Updated by Alfredo Deza almost 6 years ago
We initially thought about poking into `/etc/ceph/` but the problem is that we can't be sure if say, there are two *.conf files in there, or incorrect in the case of re-installing the OS or if the drives are moved to a new server and the cluster name is different.
The idea was to report accurately on the OSD only, and let the external configuration be corrected/matched to make it run.
On the path side of things, you are right, we could infer by the name of the mounted directory, and we might be able to infer the cluster name, but we allow to use a device that is unmounted (in which case we mount it temporarily) so that detection wouldn't work there, or if it is mounted in a non-standard location.
I would say that most (all?) of the ceph tooling requires you to pass --cluster and does not do any sort of heuristics to determine what that may be (they all fallback to 'ceph')
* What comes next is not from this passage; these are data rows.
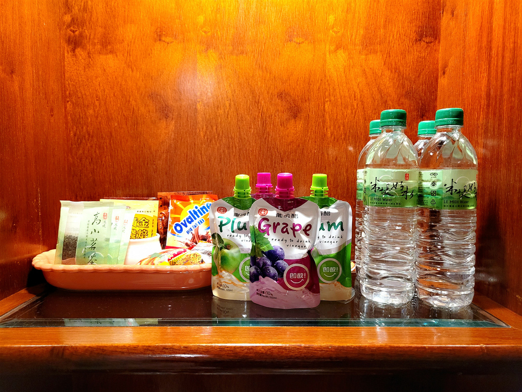 房間的備品齊全,使用的是拋棄式拖鞋,所以如果有預計使用到游泳池或三溫暖的朋友,記得要自己再帶外出型的拖鞋唷!
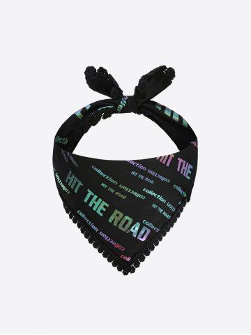Pet's Glitter Ombre Letters Print Lace Trim Tied Bandana Bibs - Black - S
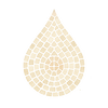 A mosaic made of small, beige, rectangular and semi-circular tiles arranged in concentric circles on a black background.
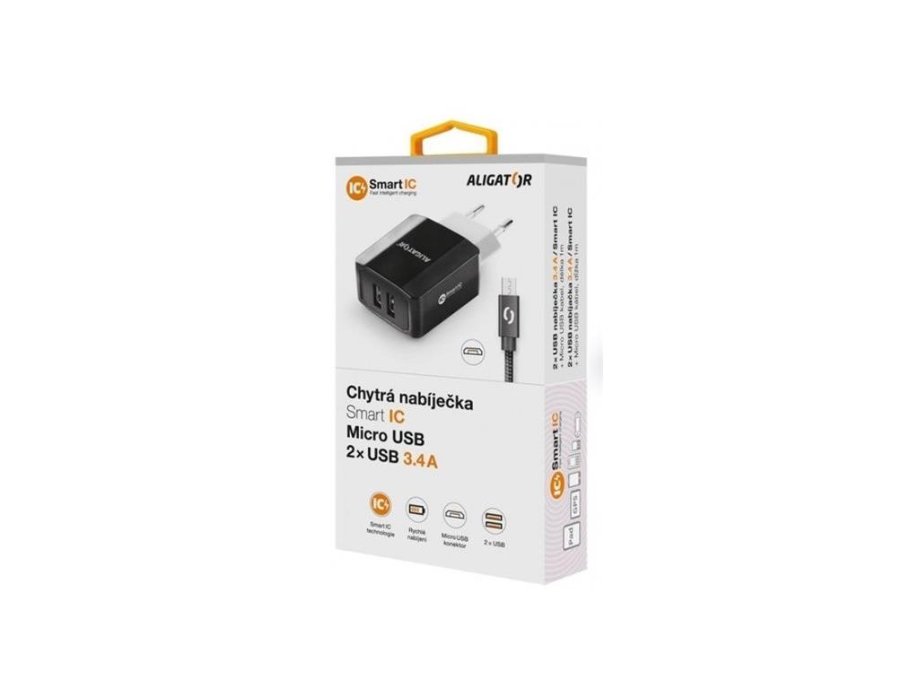Chytrá síťová nabíječka ALIGATOR 3.4A, 2xUSB, smart IC, černá, micro USB kabel 2A
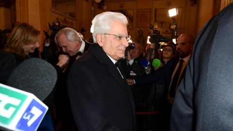 | Le président italien Sergio Mattarella arrive à la Scala de Milan pour la première d'"Attila" de Giuseppe Verdi, le 7 décembre. |
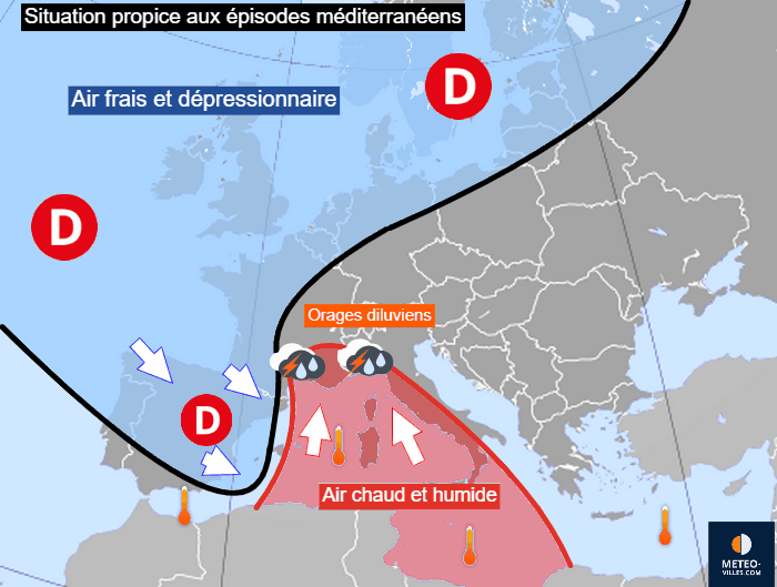 En général, ce type d'épisode se produit lorsqu'une zone dépressionnaire accompagnée d'air froid et humide s'avance vers la Méditerranée par la péninsule ibérique. L'arrivée de celle-ci engendre un basculement du flux au sud/sud-est près de la Méditerranée, ce qui a pour effet de faire remonter de l'air chaud et très humide vers le sud-est de la France, air chaud et humide qui rencontre ensuite l'air plus frais et dépressionnaire en altitude et qui favorise donc la formation d'orages parfois virulents.
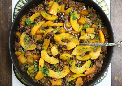 Add the black beans and peaches and cook for a further 15 minutes. Serves 4-6.
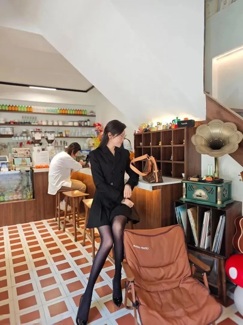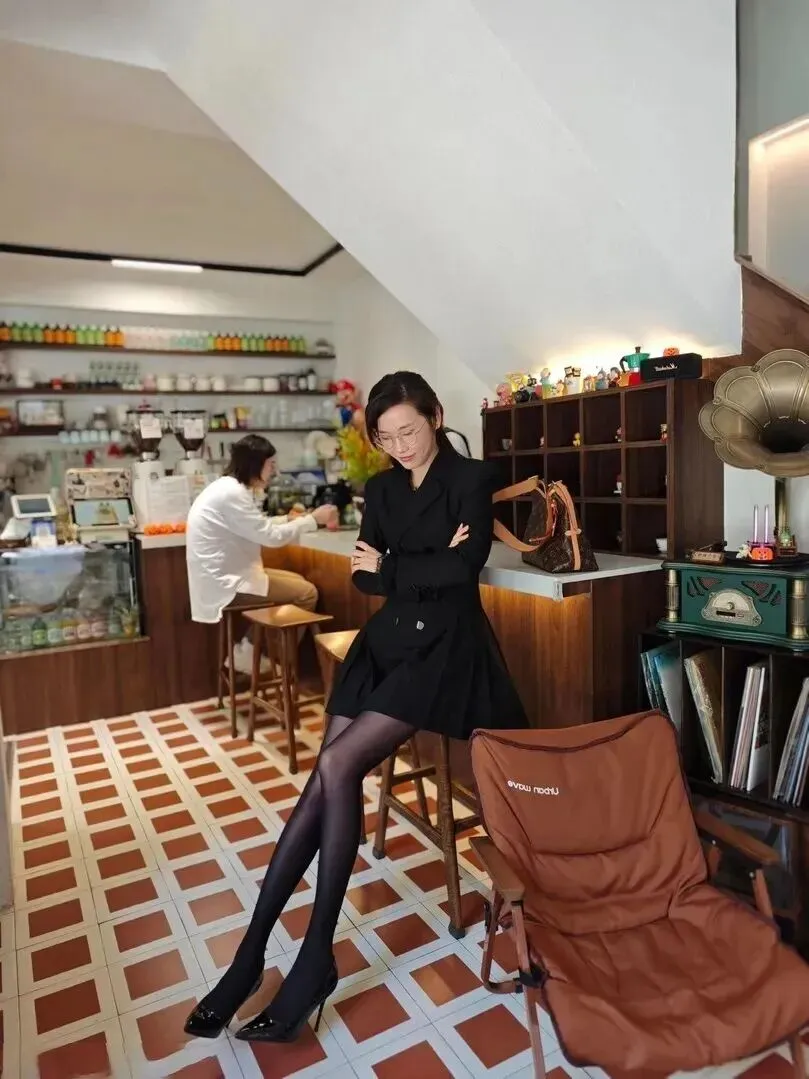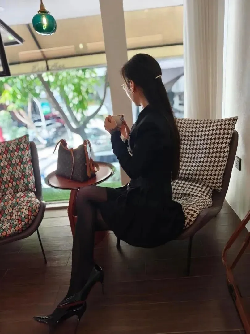 到周二下午,画风突然变得松懈起来。依然是那条西装裙,但是加了副金丝眼镜,整个人立刻多了一份书卷气。当天也在咖啡馆偶遇了她,翘着脚坐在复古椅上用手机刷屏,手端一杯拿铁。随意却有着特别之处的气质,经常出现于剧中的场景再一次展现出来。当看到这样一份反差的时候,就已经意识到职业着装也有着绝活儿,是正式场合下以柔克刚来结束这场战局的手段。
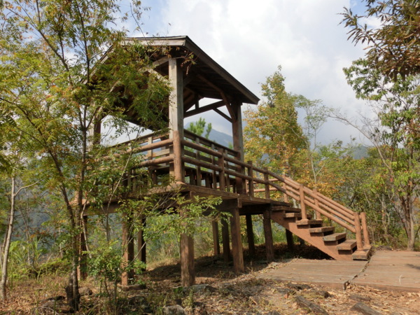 松風山步道,位於惠蓀林場研習中心後方,可由柑仔店進入,出口接涉水步道,高點松風山,海拔835公尺,單程2.5公里,之字型山徑緩步向上,沿途松樹夾道,落葉毬果鋪地,鬆軟有彈性,一路窸窸窣窣,好不熱鬧。經過一段碎石坡,上至稜線涼亭,視野豁然開朗,遠眺尾敏山、眉原山,山頂第二涼亭的樹林旁,有山字森林三角點,及交通部中央氣象局地殼形變觀測站。觀景台可眺望險峻的凌雲斷崖,俯瞰北港溪蜿蜒於下,夏日松風沁涼,秋季楓紅片片,行走其中,享受不同季節的美景,令人心曠神怡。
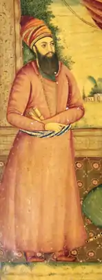 نگاره فتحعلیشاه اثر مهرعلی. این اثر در نگارخانه کاخ سعدآباد نگهداری میشود.
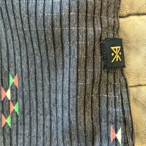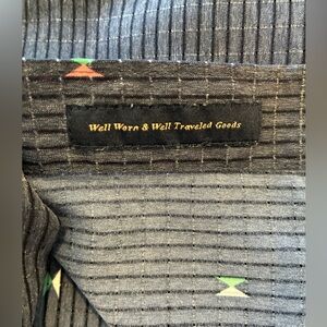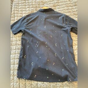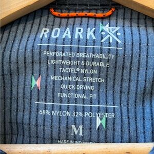 Roark bless up shirt. Perfect condition. Size medium. Navy blue, with small triangles in green, salmon and white. Perforated for cooling. Wrinkles free. Nylon/poly. See pics for measurements. Rubberized buttons.
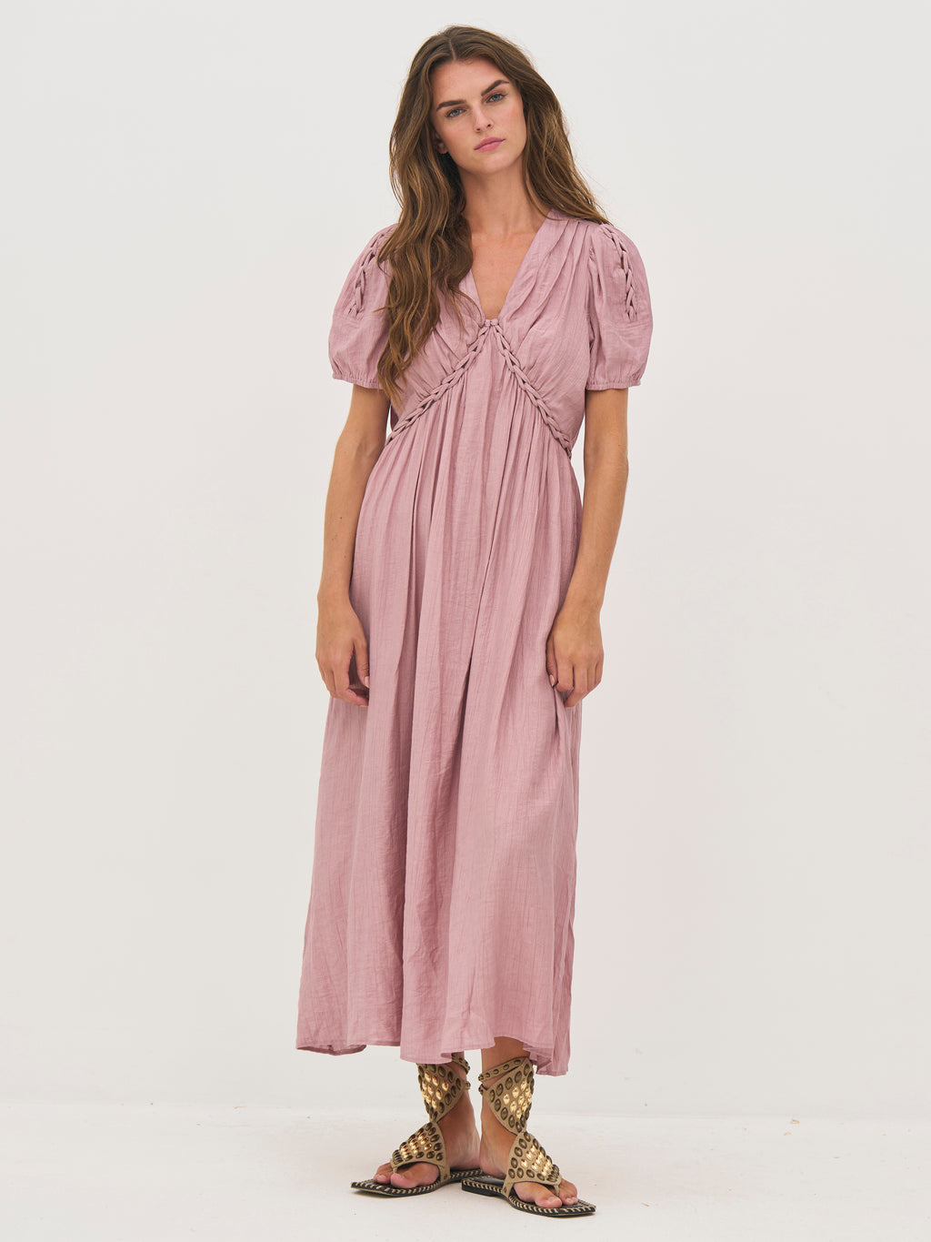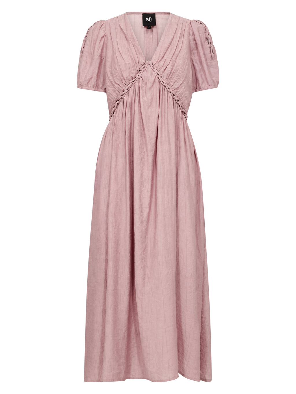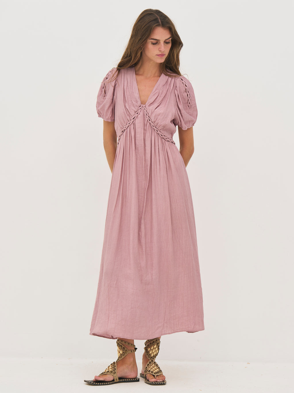 Denne kjolen er laget av en lett viskoseblanding med crepe, som gir en myk og luftig fall. Den har en V-utringning med flettet detalj foran, som gir struktur og et feminint uttrykk. De korte puffermene med fine detaljer fremhever det lette og elegante utseende.
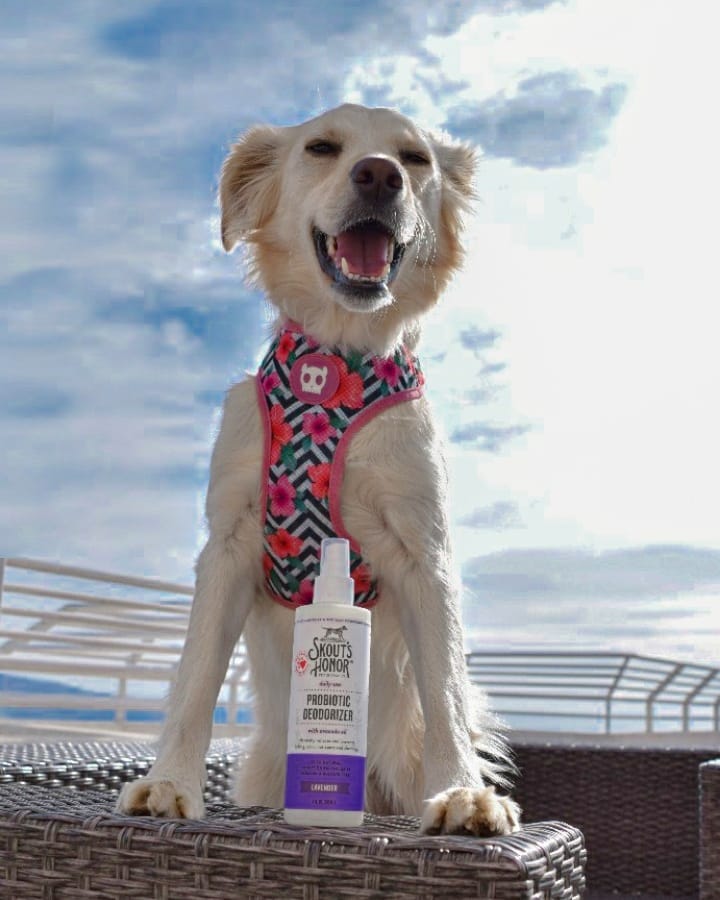 Our cat and dog deodorizing spray hydrates and deodorizes the skin and coat for a fresher, better-smelling pet in between washes. It contains avocado oil and topical probiotics that help support a healthy microbiome to defend against common skin problems such as itching, odor, dryness, dandruff, hot spots, yeast and excessive shedding.
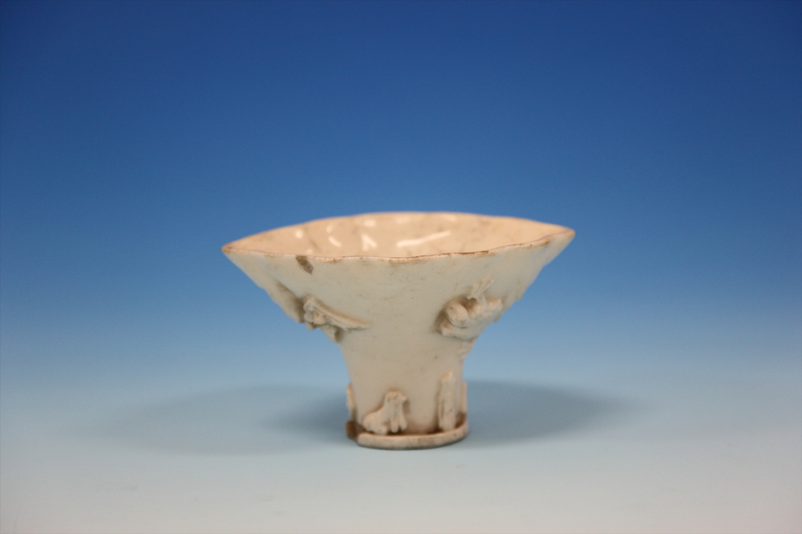 清德化窑白釉飞鹤龙鹿纹马蹄形瓷杯
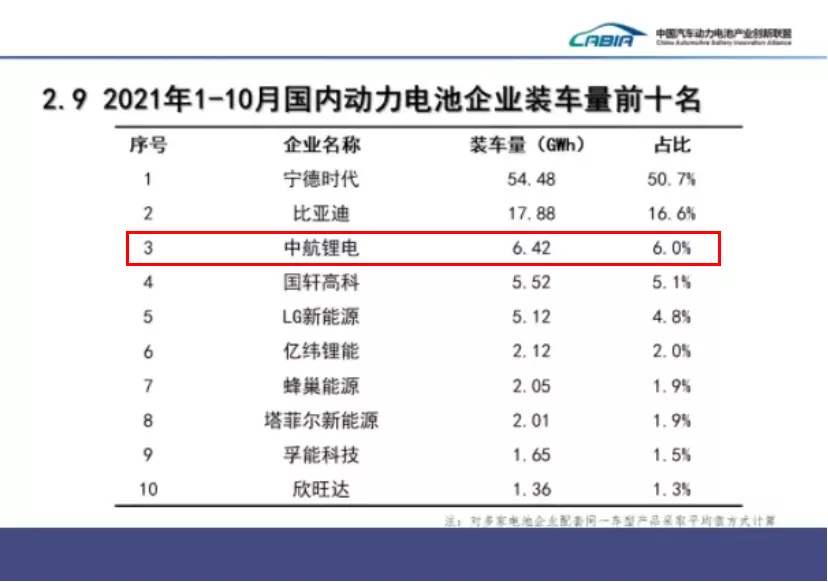 在10月底韓國市場研究機構SNE Research公布的2021年1-9月全球動力電池裝車量排行榜中,中航鋰電以5.6GWh的動力電池裝車量,位居第七。
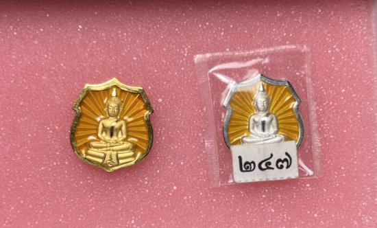 วัดใจ!! เหรียญใบโพธิ์ หลวงพ่อโสธร 2560 ตำรวจ เนื้อเงินลงยาเหลือง |
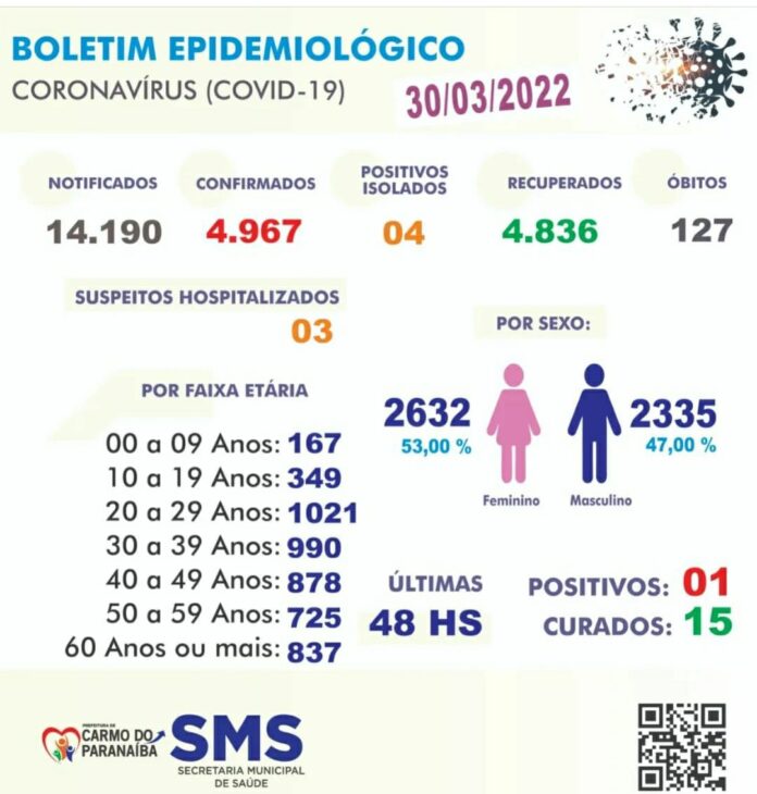 Nas últimas 48 horas, apenas um caso de Covid-19 foi confirmado e 15 pessoas saíram do isolamento em Carmo do Paranaíba.
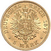 Los-Nummer: Auktion 51 - 2640 Münzen des Deutschen Kaiserreichs Preußen Wilhelm I. 1861-1888, 5 Mark 1877 A. Jaeger 244. GOLD. Vorzüglich + Schätzpreis: 200,- Zuschlag: unverkauft |
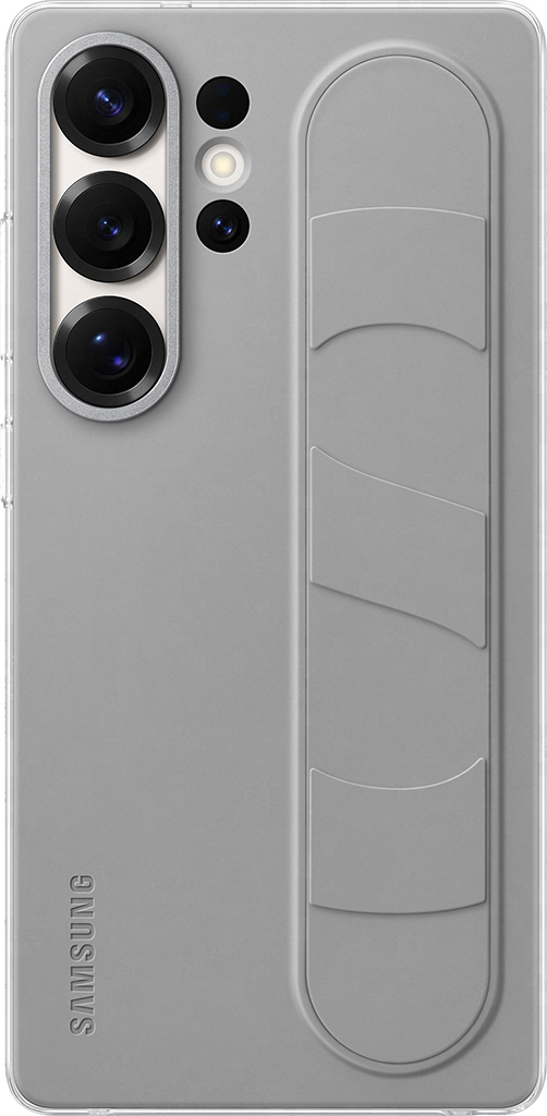 Samsung Standing Grip Case для смартфона Galaxy S25 Ultra — клип-кейс с интегрированным ремешком-держателем. У него тонкий корпус и прозрачная рамка.
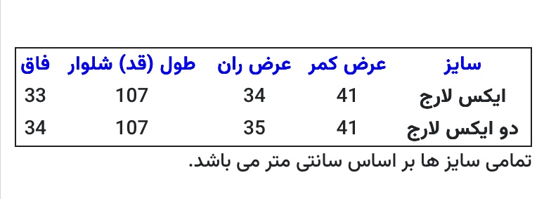 سایز بندی XL 2XL.
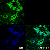 Immunohistochemical analysis of PREB staining in human colon formalin fixed paraffin embedded tissue section. The section was pre-treated using heat mediated antigen retrieval with sodium citrate buffer (pH 6.0). The section was then incubated with the antibody at room temperature and detected using an HRP conjugated compact polymer system. Tyramide-AF488 (green) was used as the chromogen. The section was then counterstained with DAPI (blue).

My concern is that there is too much room for error on our side to get it wrong, it depends on configuration outside of the OSD, and the 'best effort' can cause problems if users are relying
on it and ceph-volume can't deliver. We knew we might get things missing, which is why the JSON can be edited, but then again, in this case we allow --cluster.
Updated by Alfredo Deza over 5 years ago
- Status changed from 4 to Rejected
I am going to close this since we can't reliably do a "best effort". As explained, we can't guarantee what the cluster name is. When a user signs on the idea of having a custom cluster it is absolutely required to pass --cluster everywhere in the Ceph tooling, otherwise things will not work.
No other tool in Ceph does a "best effort" to try and figure out what that cluster name is, either it is passed in or defaults to ceph.